→ YOUR INSTRUCTIONS
Pictures do not belong in the copy; quote every entry below exactly.

(Dataset excerpts)
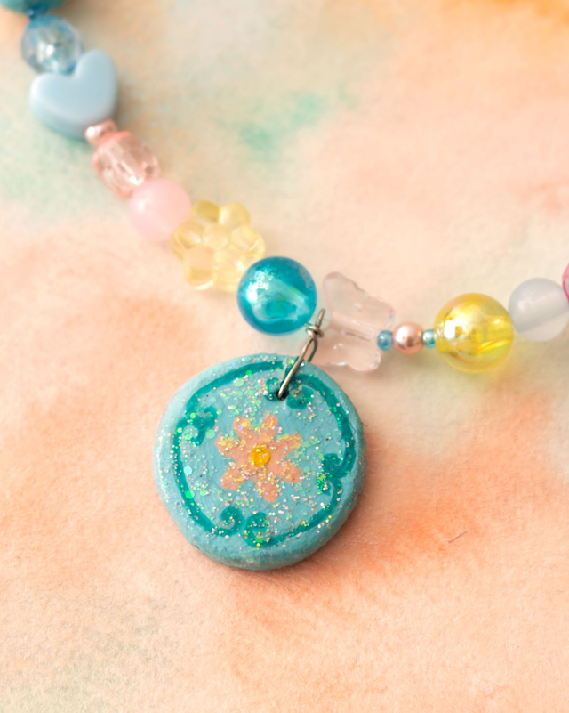 Collier en perles avec un pendentif et certaines perles réalisés en argile autodurcissante puis peint à la main avant d'être recouvert de résine epoxy. La chaine est les attaches sont en acier inoxydable pour éviter les allergies et la rouille. Attention, il ne peut pas être mis sous l'eau à cause du pendentif en argile!
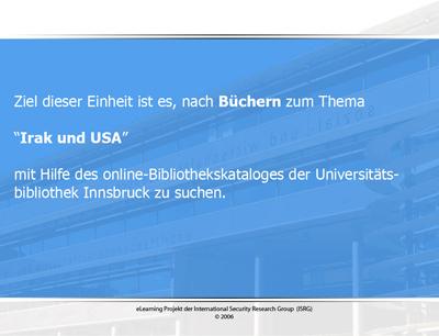 Das von der LFU Innsbruck geförderte eLearning-Projekt konzentriert sich auf zwei Schwerpunkte. Im Bereich wissenschaftliches Arbeiten soll den Studierenden mit Hilfe von Kurzfilmen gezeigt werden, wie Recherchen in Datenbanken der LFU Innsbruck, aber auch in Datenbanken im WWW am effizientesten durchgeführt werden. Die animierten Lerneinheiten dienen daher nicht nur Studierenden im Bereich IB, sondern sind generell für Studierende der Politikwissenschaft und unterschiedlicher Studienrichtungen geeignet. Da sich das eLearning-Projekt als ein Projekt „work in progress“ versteht, werden in diesem Bereich im Laufe der Zeit neue Lerneinheiten und Materialien zur Verfügung stehen. Damit will die ISRG einen Beitrag zur Beseitigung von Unsicherheiten auf dem Gebiet des wissenschaftlichen Arbeitens leisten.
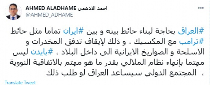وقال في تغريدة عبر "تويتر" رصدها "المشهد العربي": "العراق بحاجة لبناء حائط بينه وبين إيران تماما مثل حائط ترامب مع المكسيك، وذلك لإيقاف تدفق المخدرات والأسلحة والصواريخ الإيرانية إلى داخل البلاد".
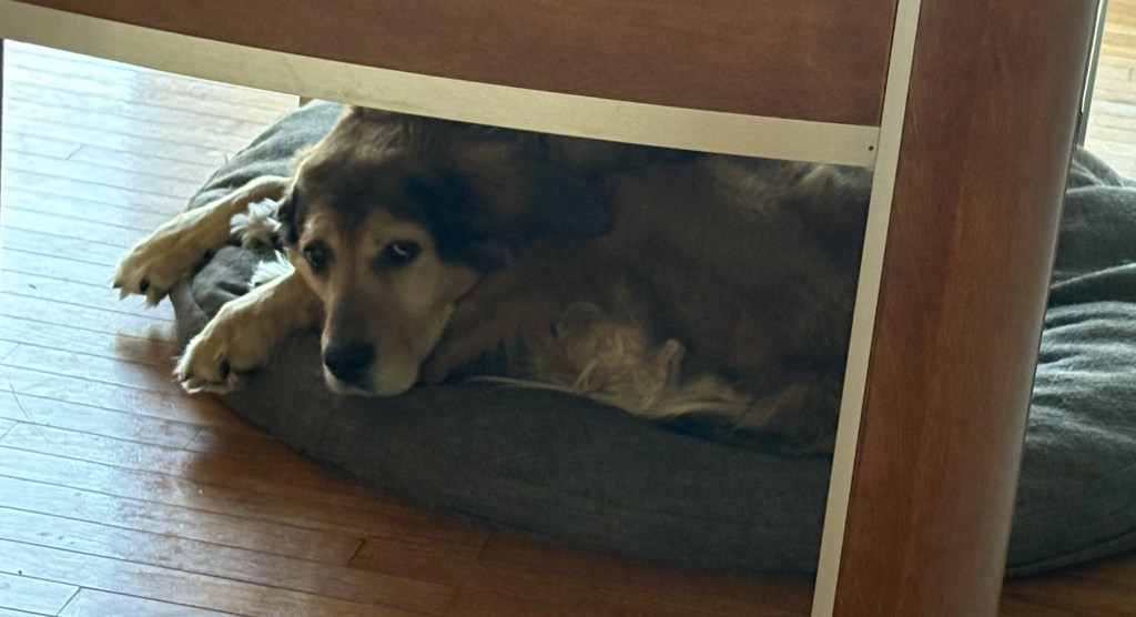 The one under the foosball table didn’t seem to be bothered but I learned later that she has trouble walking and tends to stay on her comfortable beanbag.
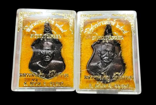 เหรียญหลวงพ่อเชิญ วัดโคกทอง รุ่นพิธีสวดภาณยักษ์ หลังท้าวเวสสุวรรณ ปี 2535 ตอกโค๊ต ช( จำนวน 2องค์ ).
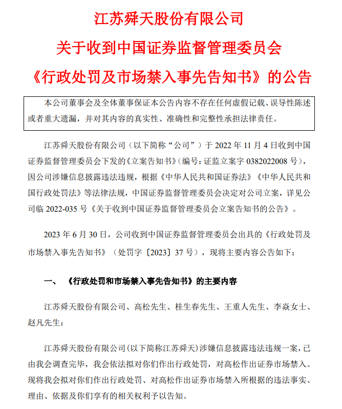 在被立案近七个月后,近日,江苏舜天收到《行政处罚及市场禁入事先告知书》。
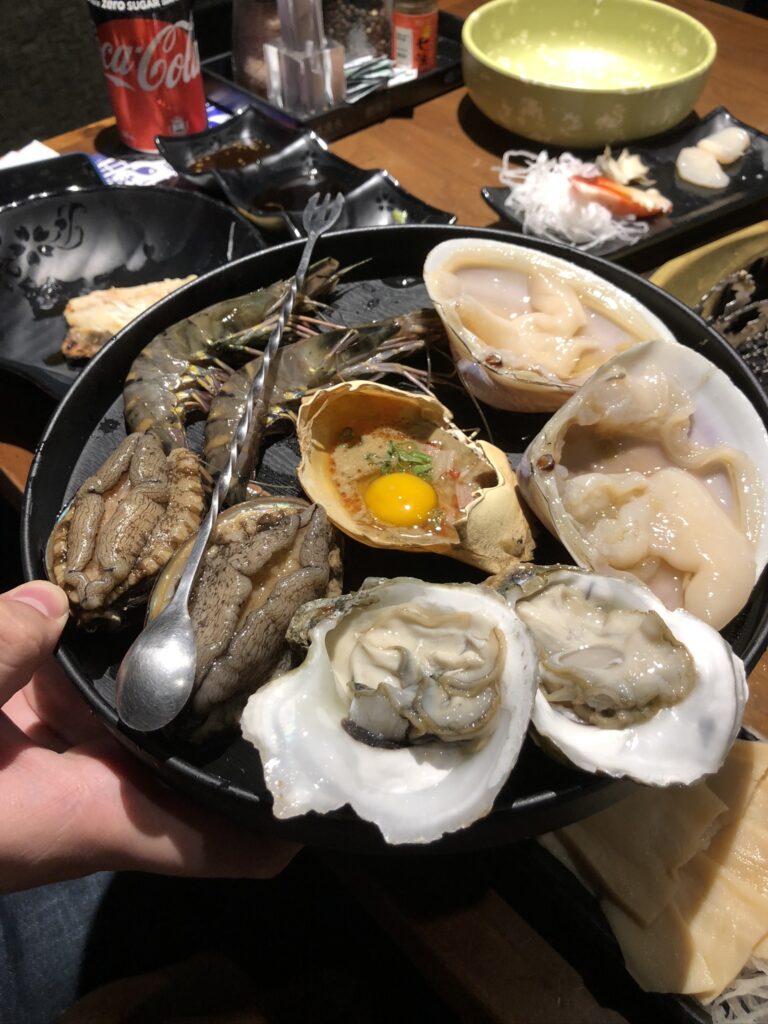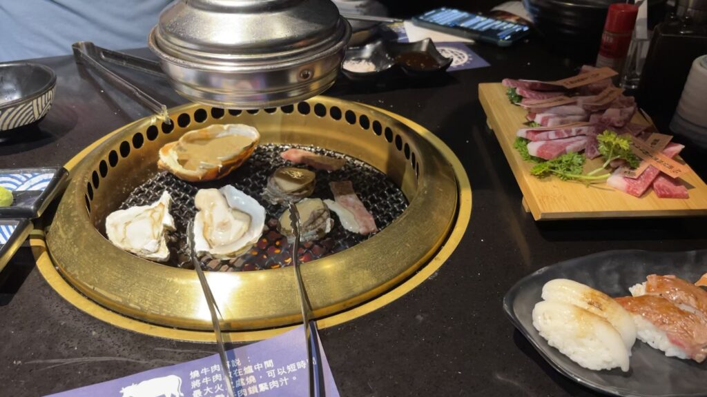 The meal starts with a premium seafood platter, which you can order more of al-la-carte. We felt it wasn’t so necessary to order the extra premium seafood as the normal buffet menu already included oysters, crab, and shrimp. No alcoholic drinks besides cheap beer were included; they cost extra. However, no other restaurant offers such a variety and quality in a yakiniku bbq buffet for this price. Worth checking out if you have an appetite for a grilled wagyu buffet.
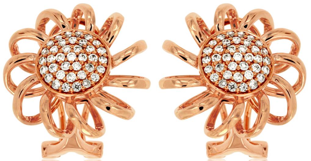 ESTATE LARGE 14KT ROSE GOLD FUN CLIP ON EARRINGS. 3D SUNFLOWER DESIGN. ROUND DIAMONDS ARE F/G COLOR, VSSI CLARITY .40 CARATS. WRITTEN APPRAISAL AVAILABLE. COMES IN A PRESENTABLE GIFT BOX.
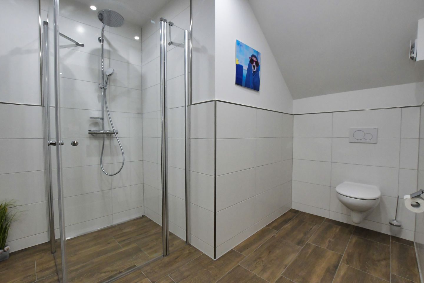 Die Wohnung verfügt über zwei gemütliche Schlafzimmer. Die Fußbodenheizung sorgt für angenehme Wärme an kühlen Tagen. Das moderne Badezimmer ist mit einer bodengleichen Dusche, einem WC und einem Waschbecken ausgestattet und bietet Ihnen jeden Komfort, den Sie benötigen. Außerdem stehen Ihnen Gemeinschaftswaschmaschinen und Trockner zur Verfügung.
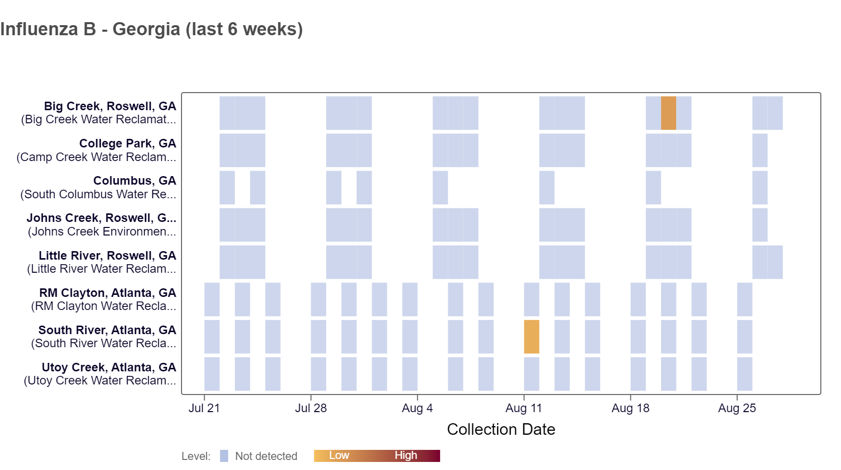 Influenza B (IBV) RNA has been detected at the Big Creek site in the last two weeks, according to the heat map below. As of 8/30/24, all Georgia WWSCAN sites are in the LOW (8 sites) wastewater category.

→ WRITTEN ANSWER
 Collier en perles avec un pendentif et certaines perles réalisés en argile autodurcissante puis peint à la main avant d'être recouvert de résine epoxy. La chaine est les attaches sont en acier inoxydable pour éviter les allergies et la rouille. Attention, il ne peut pas être mis sous l'eau à cause du pendentif en argile!
 Das von der LFU Innsbruck geförderte eLearning-Projekt konzentriert sich auf zwei Schwerpunkte. Im Bereich wissenschaftliches Arbeiten soll den Studierenden mit Hilfe von Kurzfilmen gezeigt werden, wie Recherchen in Datenbanken der LFU Innsbruck, aber auch in Datenbanken im WWW am effizientesten durchgeführt werden. Die animierten Lerneinheiten dienen daher nicht nur Studierenden im Bereich IB, sondern sind generell für Studierende der Politikwissenschaft und unterschiedlicher Studienrichtungen geeignet. Da sich das eLearning-Projekt als ein Projekt „work in progress“ versteht, werden in diesem Bereich im Laufe der Zeit neue Lerneinheiten und Materialien zur Verfügung stehen. Damit will die ISRG einen Beitrag zur Beseitigung von Unsicherheiten auf dem Gebiet des wissenschaftlichen Arbeitens leisten.
وقال في تغريدة عبر "تويتر" رصدها "المشهد العربي": "العراق بحاجة لبناء حائط بينه وبين إيران تماما مثل حائط ترامب مع المكسيك، وذلك لإيقاف تدفق المخدرات والأسلحة والصواريخ الإيرانية إلى داخل البلاد".
 The one under the foosball table didn’t seem to be bothered but I learned later that she has trouble walking and tends to stay on her comfortable beanbag.
 เหรียญหลวงพ่อเชิญ วัดโคกทอง รุ่นพิธีสวดภาณยักษ์ หลังท้าวเวสสุวรรณ ปี 2535 ตอกโค๊ต ช( จำนวน 2องค์ ).
 在被立案近七个月后,近日,江苏舜天收到《行政处罚及市场禁入事先告知书》。
 The meal starts with a premium seafood platter, which you can order more of al-la-carte. We felt it wasn’t so necessary to order the extra premium seafood as the normal buffet menu already included oysters, crab, and shrimp. No alcoholic drinks besides cheap beer were included; they cost extra. However, no other restaurant offers such a variety and quality in a yakiniku bbq buffet for this price. Worth checking out if you have an appetite for a grilled wagyu buffet.
 ESTATE LARGE 14KT ROSE GOLD FUN CLIP ON EARRINGS. 3D SUNFLOWER DESIGN. ROUND DIAMONDS ARE F/G COLOR, VSSI CLARITY .40 CARATS. WRITTEN APPRAISAL AVAILABLE. COMES IN A PRESENTABLE GIFT BOX.
 Die Wohnung verfügt über zwei gemütliche Schlafzimmer. Die Fußbodenheizung sorgt für angenehme Wärme an kühlen Tagen. Das moderne Badezimmer ist mit einer bodengleichen Dusche, einem WC und einem Waschbecken ausgestattet und bietet Ihnen jeden Komfort, den Sie benötigen. Außerdem stehen Ihnen Gemeinschaftswaschmaschinen und Trockner zur Verfügung.
 Influenza B (IBV) RNA has been detected at the Big Creek site in the last two weeks, according to the heat map below. As of 8/30/24, all Georgia WWSCAN sites are in the LOW (8 sites) wastewater category.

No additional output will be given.